Выбрать главу

Правда, такой вывод слишком поспешен. Ценность будущей жизни является важным, но не единственным фактором. А именно, говорится, что лишь существа с моральными интересами могут иметь интерес к ценному будущему. Т.е. недопустимо убивать лишь тех существ, которые имеют моральные интересы. Иными словами, для того, чтобы признать убийство неприемлемым, будущее должно быть ценным, и это должно быть будущее существ с этическими интересами.

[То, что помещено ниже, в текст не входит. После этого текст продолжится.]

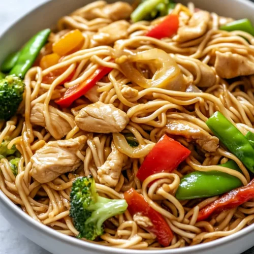 Simple Chicken Lo Mein: A Delicious Weeknight Meal is a perfect dish for busy families looking for a quick yet satisfying dinner. This iconic Chinese noodle dish is packed with flavor and can be made in under 30 minutes. The tender chicken, crisp vegetables, and savory sauces combine to create a meal that is both comforting and nutritious. With its balance of textures and vibrant colors, this dish appeals to both kids and adults alike, making it an ideal choice for a weeknight feast. Whether you’re cooking for a family gathering or simply a cozy dinner at home, Simple Chicken Lo Mein: A Delicious Weeknight Meal will surely impress.
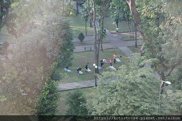 ▲ 清晨散步回來時,遇到一群婆婆媽媽從揹著瑜珈墊從酒店走出來,原來是到公園一起運動
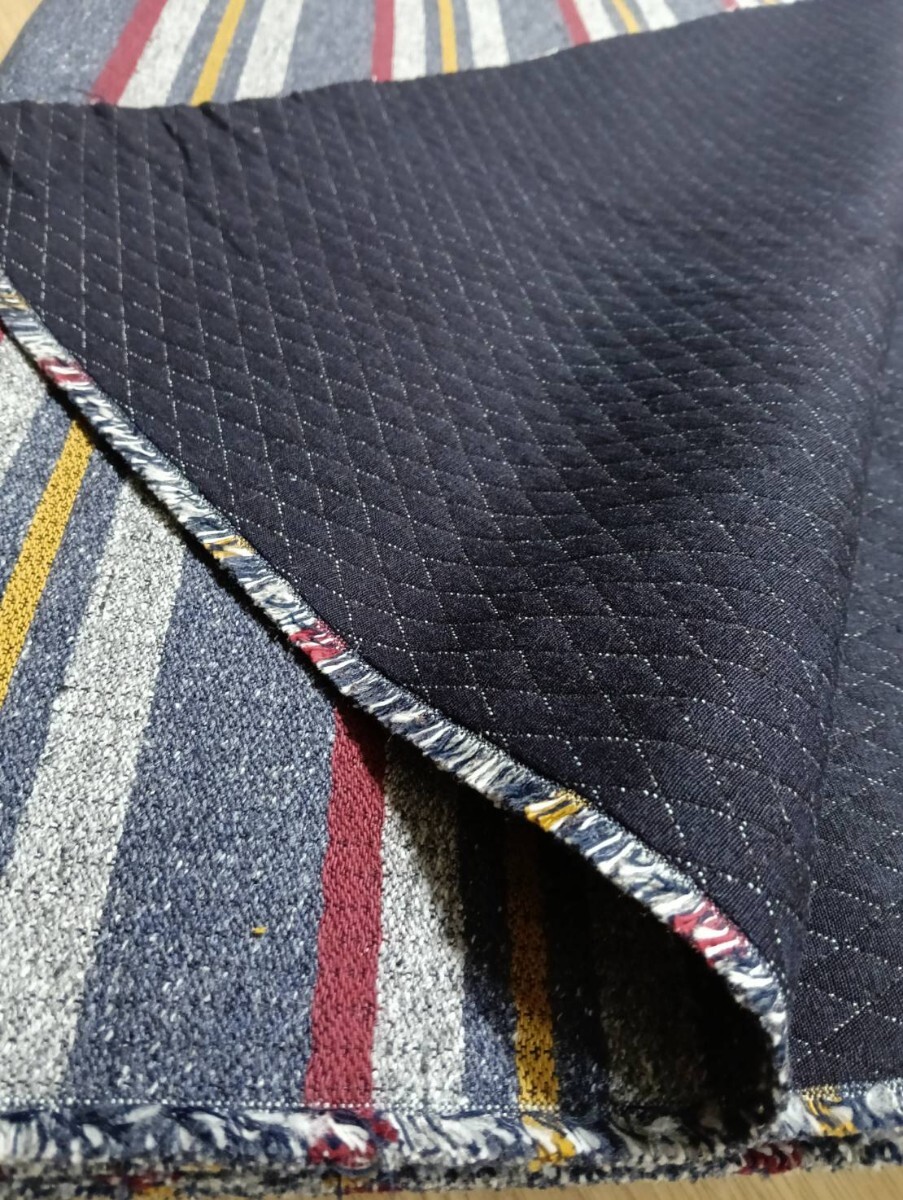 - 産地 岡山県 倉敷 キルティング風インディゴデニム裏ボーダー 147cm幅13.4oz 2mカット 生地 日本製 国産 井原
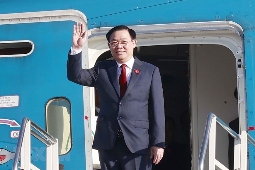 Chủ tịch Quốc hội Vương Đình Huệ vẫy chào đại biểu tại Sân bay quốc tế Rosario. (Ảnh: Doãn Tấn/TTXVN)
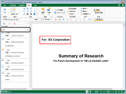 当批注隐藏时,无法从导航窗口的[批注列表]选项卡搜索批注。有关如何显示/搜索批注的信息,请参阅下列内容。
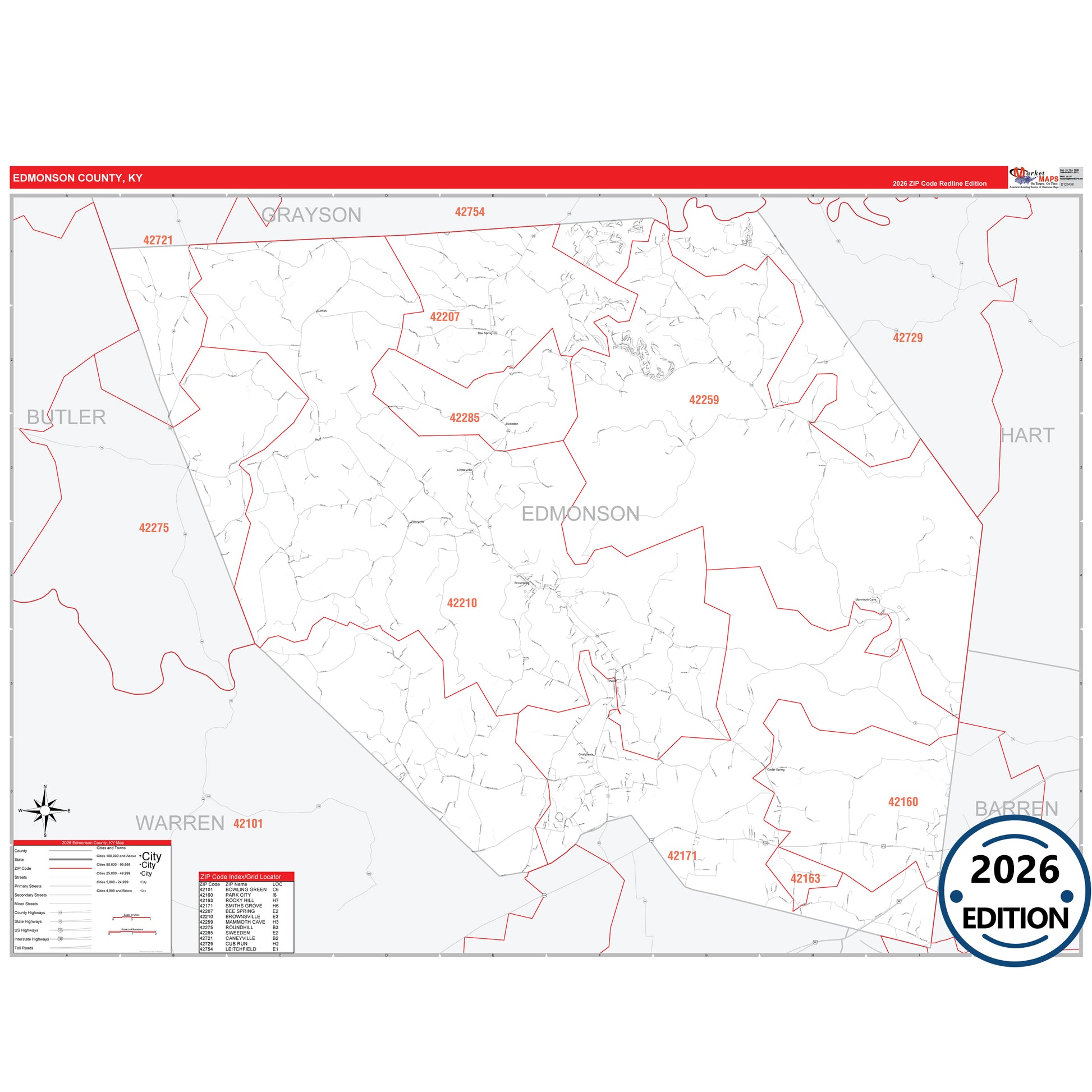 The RedLine Style map of Edmonson County, KY shows ZIP code areas overlaid on a detailed road network of Edmonson County, Kentucky. Ideal for drawing locations, territories, and other applications. Base map features include all major streets and highways labeled, cities and towns, county and state boundaries, neighborhood names, railroads, and a clean white background suitable for marking and planning.

Дон Маркис может ответить, что каждое существо, чье будущее похоже на наше, в силу достоинства этого будущего, имеет этически значимый интерес – интерес наслаждаться этим будущим. Непонятно, почему профессор Маркис считает, что относительно неразвитый плод в данный момент имеет этот интерес. Кажется, ответ заключается в том, что в этот момент мы можем однозначно признать, что это существо в дальнейшем будет наслаждаться своим будущим. Из слов автора аргумента становится понятно, почему контрацепция не подвергается критике. Контрацепция предотвращает приятное будущее, но в этом случае невозможно определить субъект лишения будущего. Профессор Маркис выделяет четыре субъекта вреда: 1) тот или иной сперматозоид, 2) та или иная яйцеклетка, 3) сперматозоид и яйцеклетка в отдельности, 4) сперматозоид и яйцеклетка вместе. Если субъектом вреда определить один сперматозоид, этот выбор будет произвольным (т.к. равно можно определить субъектом и отдельную яйцеклетку). Так же и наоборот. Сперматозоид и неоплодотворенная яйцеклетка также не могут быть субъектом вреда, т.к. в этом случае в перспективе будет слишком много вариантов будущего: будущее сперматозоида, будущее яйцеклетки, будущее человека, развившегося из этих двух клеток. Наконец, и яйцеклетка, оплодотворенная сперматозоидом, не может быть субъектом вреда. В действительности не существует комбинации яйцеклетки и сперматозоида. Если такая комбинация возможна только в перспективе, мы не можем знать, какая, из множества возможных, это будет за комбинация. Следовательно, субъекта вреда от применения контрацепции не существует.

Я не считаю, что вопрос этичности аборта или контрацепции, в отличие от вопроса появления на свет в биологическом смысле, зависит от личности существа. Дон Маркис явно не согласен со мной, однако от этого его взгляды приобретают странный смысл. Чтобы это понять, представьте, если бы природа человеческой репродукции была несколько иной. Например, если бы одна из гамет несла ДНК, а вторая была источником питания или катализатором деления для первой гаметы. Иными словами, если бы сперматозоид содержал весь генетический материал, а яйцеклетка требовалась только для питания,33 такие отношения можно сравнить с отношениями зиготы и матки. Если бы дела обстояли так, отдельный сперматозоид мог бы являться жертвой контрацепции. Т.е. в рамках аргумента профессора Маркиса, многое зависит от того, является сперматозоид гаплоидным или диплоидным.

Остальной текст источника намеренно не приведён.